- _HOW TO COMPLETE THIS TASK_:
Omit the pictures and print exactly the lines of the listing below, starting at the first and ending at the line containing "PARIS. EDITIONS VISION".

[[ MATERIAL FOR THE TASK, beginning ]]

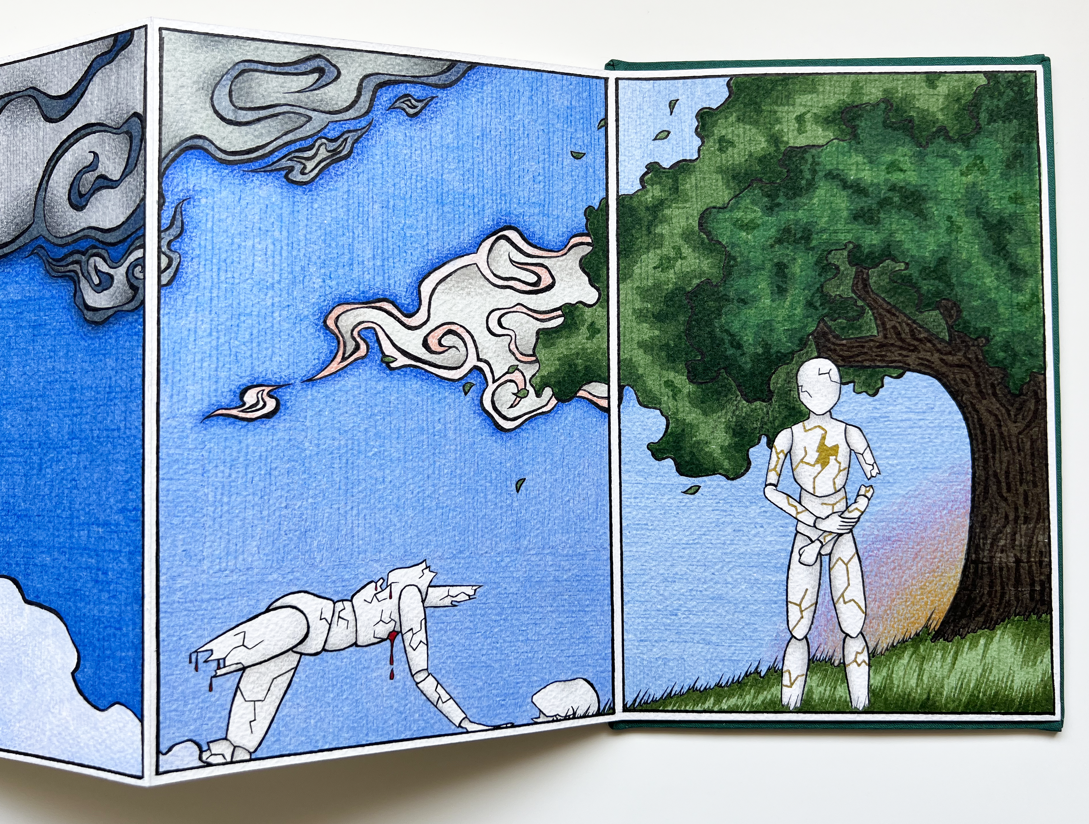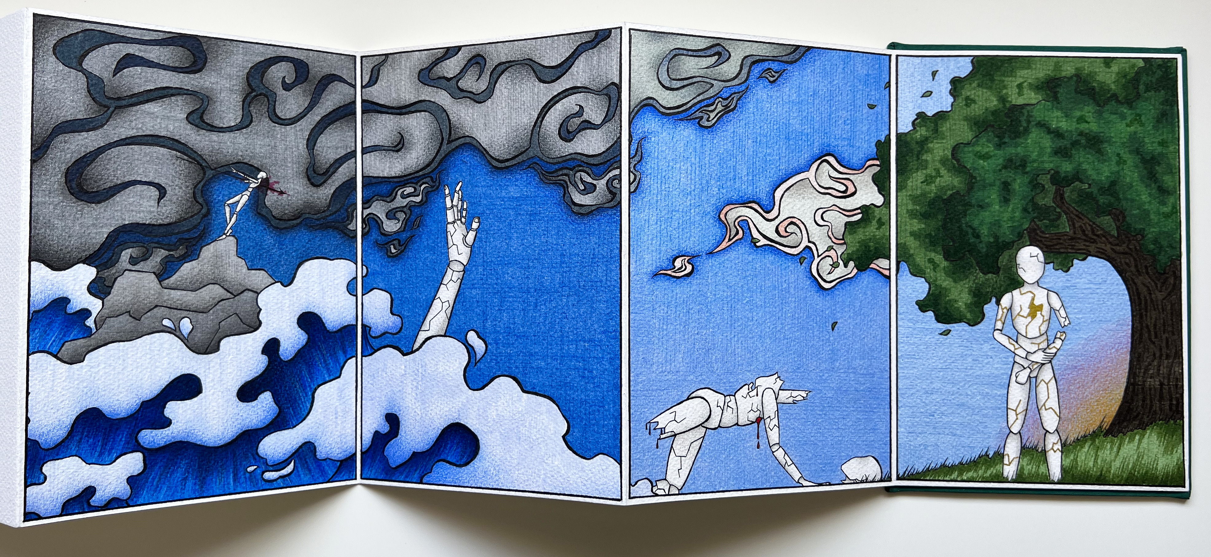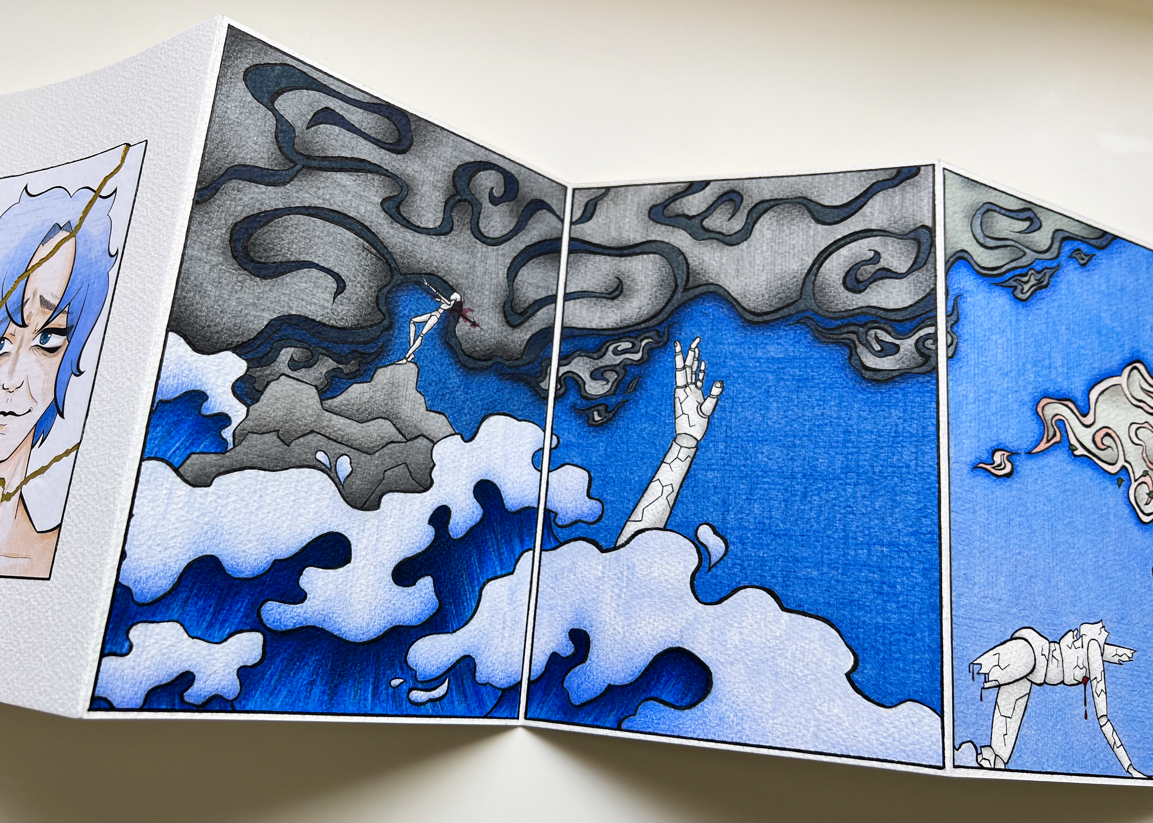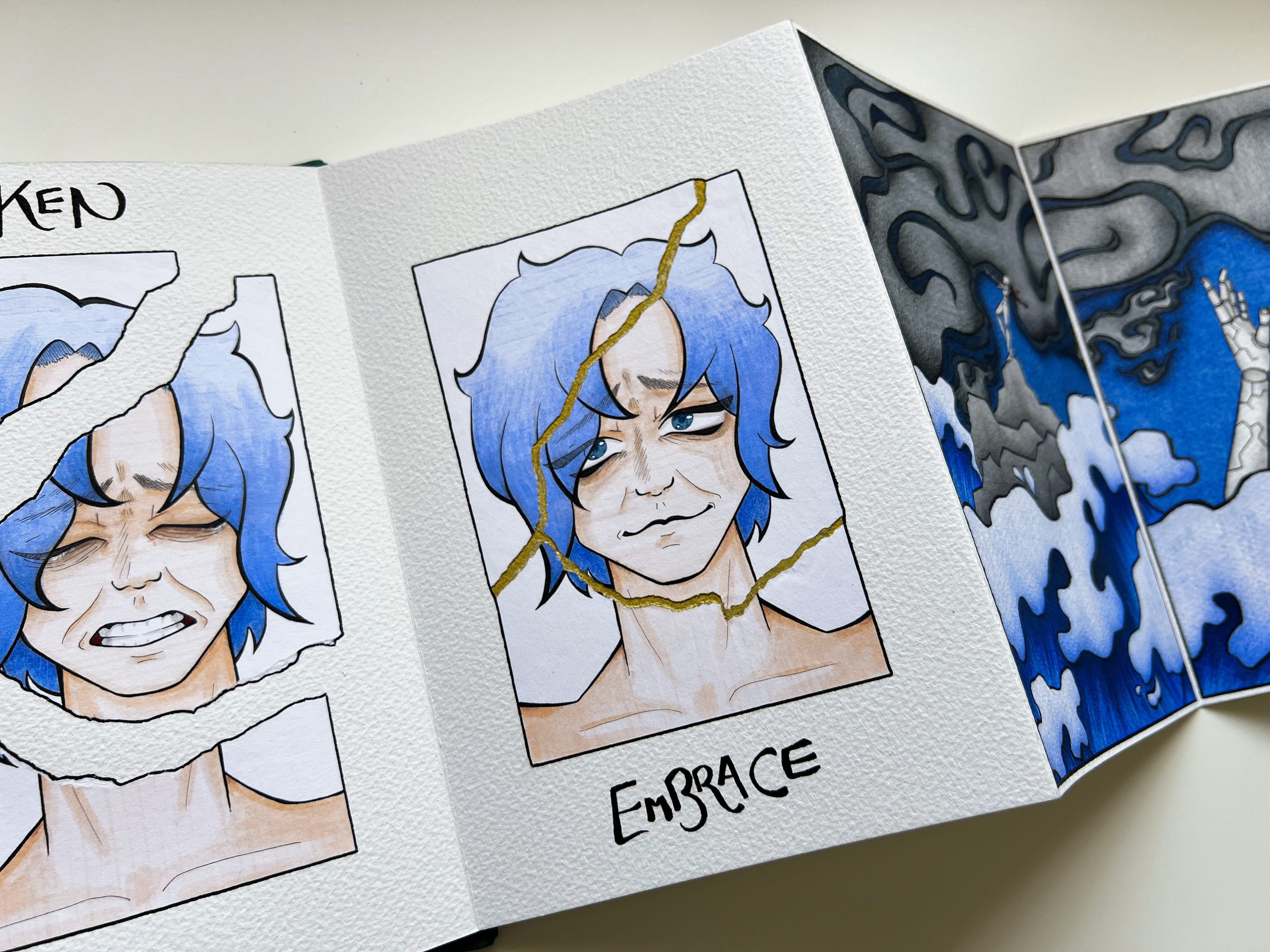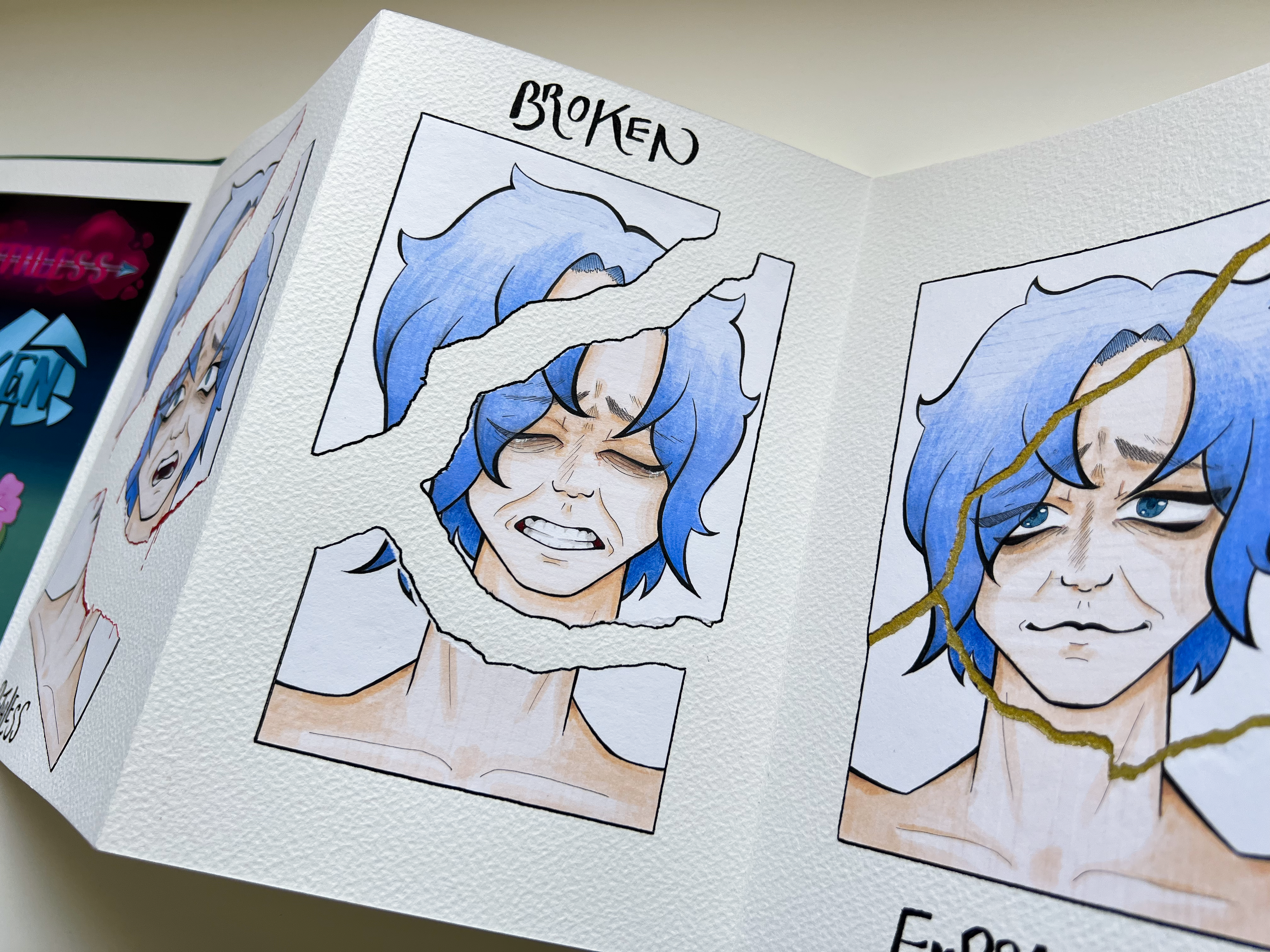 A collection of narrative illustrations based around the words Ruthless, Broken and Embrace. I wanted to try doing something that was a bit deeper than a comic, and tackle something that was more abstract than I am used to doing. So I chose some evocative words that I felt had a relationship, and spun a narrative around them in a concertina book.
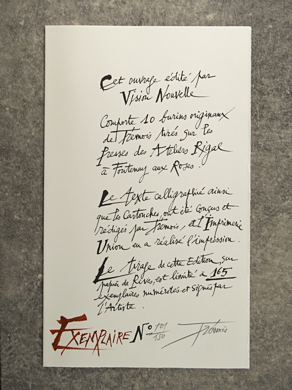 PARIS. EDITIONS VISION NOUVELLE. 1990. IN-FOLIO (24 X 39 CENTIMETRES ENVIRON) EN FEUILLES DE 57 PAGES SOUS COUVERTURE CREME REMPLIEE, CHEMISE CARTONNEE CALLIGRAPHIEE EN ROUGE ET EN NOIR PAR TREMOIS, ET ETUI EN PLASTIQUE TRANSPARENT. TEXTE CALLIGRAPHIE PAR TREMOIS. ILLUSTRE DE 10 BURINS ORIGINAUX DE TREMOIS, TOUS A DOUBLE PAGE. TIRAGE LIMITE A 165 EXEMPLAIRES NUMEROTES ET SIGNES PAR L'ARTISTE, TOUS SUR VELIN DE RIVES. UN DES 150 EXEMPLAIRES RESERVES A LA VENTE, CELUI-CI PORTANT LE NUMERO 101. TRES BEL EXEMPLAIRE.
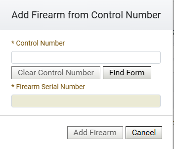 Depending on whether or not you can read the control number on the existing stamp (in the header for most versions of the tax stamp dopcuments), there are 3 ways to look up the control number. Once you have the control number, you click the button the says ‘Add Firearm from Control Number‘.
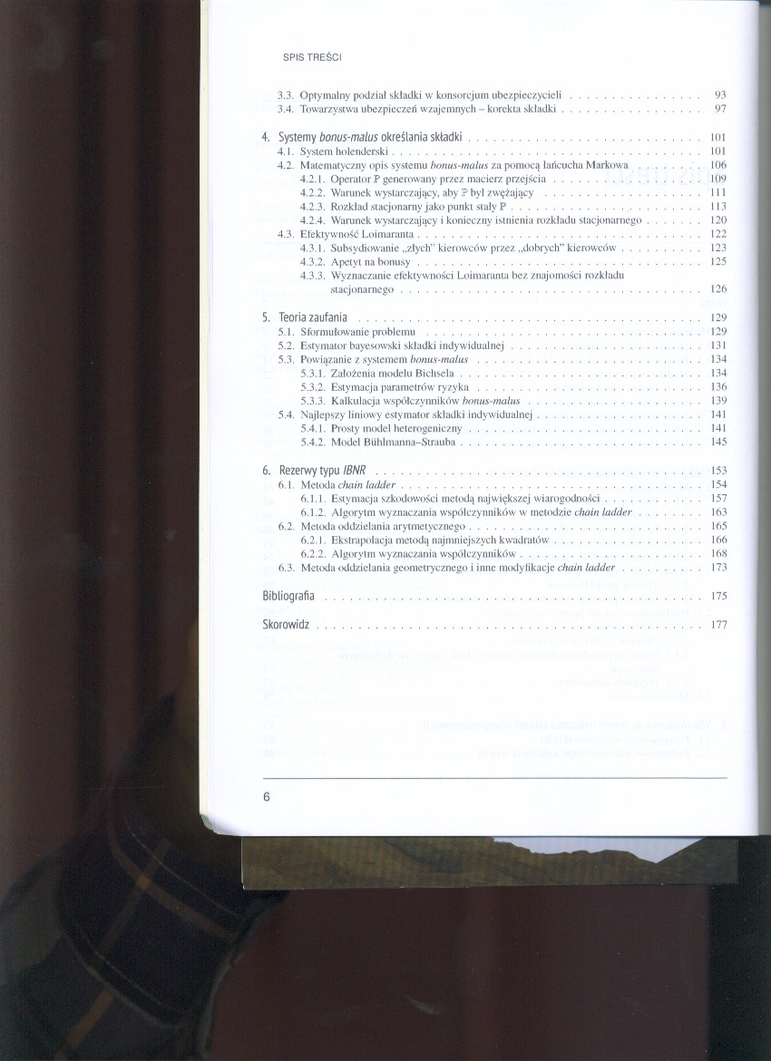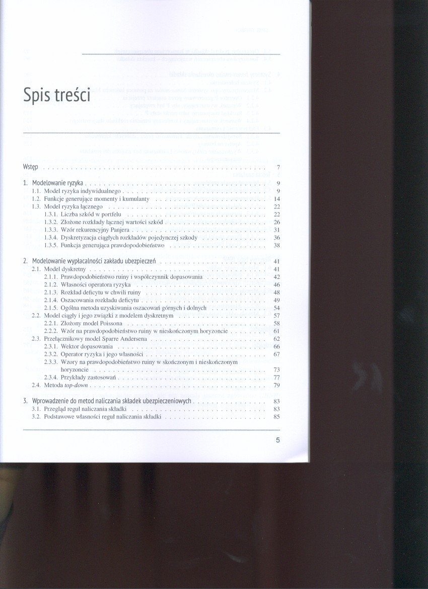 W publikacji omówione zostały podstawowe modele opisujące ryzyko pojedynczych klientów i ich zbiorowości. Przedstawione są modele wypłacalności ubezpieczyciela, ze szczególnym uwzględnieniem modeli dyskretnych. Specjalną uwagę poświęcono przełącznikowemu modelowi Sparre Andersena, na temat którego w literaturze można znaleźć niewiele wyników. Książka zawiera też przegląd podstawowych reguł naliczania składek oraz prezentuje metodę bonus-malus indywidualizacji składki pojedynczego klienta z uwzględnieniem historii jego szkodowości. Autor przedstawia teorię zaufania i jej związek z metodą bonus-malus, omawia podejście bayesowskie, model Bühlmanna-Strauba oraz metody tworzenia rezerw dla ubezpieczeń majątkowych.
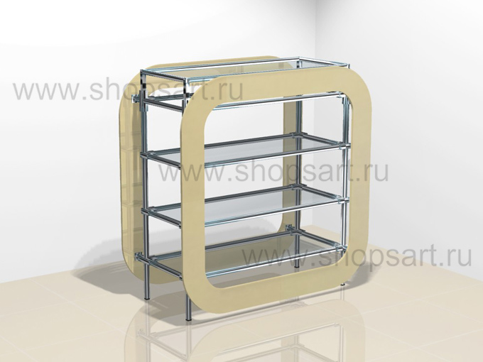 11 КМОБ. Стойка островная, витрина для обуви, со стеклянными полками.
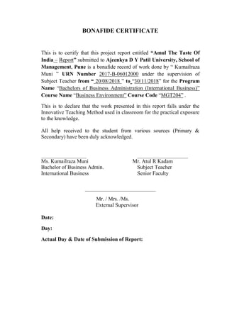 The document is a project report submitted by Kumail Raza Muni on Amul, exploring various aspects of the dairy cooperative including its operational strategies, organizational structure, and the impact of internal and external factors on its performance. It highlights Amul's role in the white revolution in India, its global reach, and the importance of effective inventory management. The report aims to provide insights into improving the organization's operations and its competitive stance in the dairy industry.
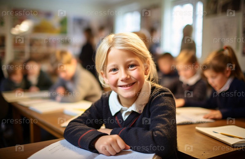Веселый ребенок улыбается, сидя за партой в оживленном, красочном классе, заполненном другими учениками
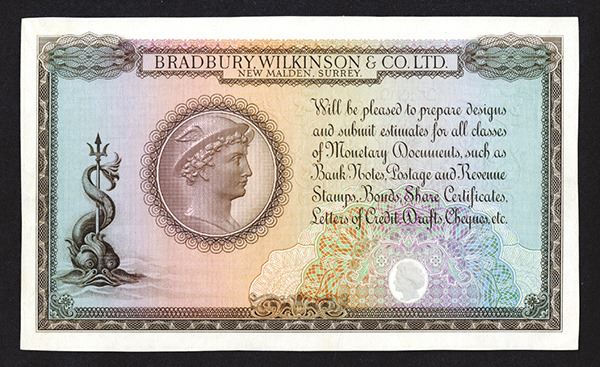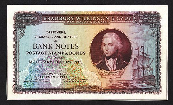 Great Britain. Colorful advertising note. With linear border near trim edge on face. 8x6-7/8 inches. Choice AU.
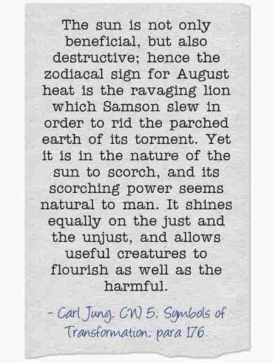 The sun is not only beneficial, but also destructive; hence the zodiacal sign for August heat is the ravaging lion which Samson slew in order to rid the parched earth of its torment. Yet it is in the nature of the sun to scorch, and its scorching power seems natural to man. It shines equally on the just and the unjust, and allows useful creatures to flourish as well as the harmful. ~Carl Jung; CW 5, para 176.

[[ MATERIAL FOR THE TASK, end ]]

- _EXPECTED ANSWER_:
 A collection of narrative illustrations based around the words Ruthless, Broken and Embrace. I wanted to try doing something that was a bit deeper than a comic, and tackle something that was more abstract than I am used to doing. So I chose some evocative words that I felt had a relationship, and spun a narrative around them in a concertina book.
 PARIS. EDITIONS VISION NOUVELLE. 1990. IN-FOLIO (24 X 39 CENTIMETRES ENVIRON) EN FEUILLES DE 57 PAGES SOUS COUVERTURE CREME REMPLIEE, CHEMISE CARTONNEE CALLIGRAPHIEE EN ROUGE ET EN NOIR PAR TREMOIS, ET ETUI EN PLASTIQUE TRANSPARENT. TEXTE CALLIGRAPHIE PAR TREMOIS. ILLUSTRE DE 10 BURINS ORIGINAUX DE TREMOIS, TOUS A DOUBLE PAGE. TIRAGE LIMITE A 165 EXEMPLAIRES NUMEROTES ET SIGNES PAR L'ARTISTE, TOUS SUR VELIN DE RIVES. UN DES 150 EXEMPLAIRES RESERVES A LA VENTE, CELUI-CI PORTANT LE NUMERO 101. TRES BEL EXEMPLAIRE.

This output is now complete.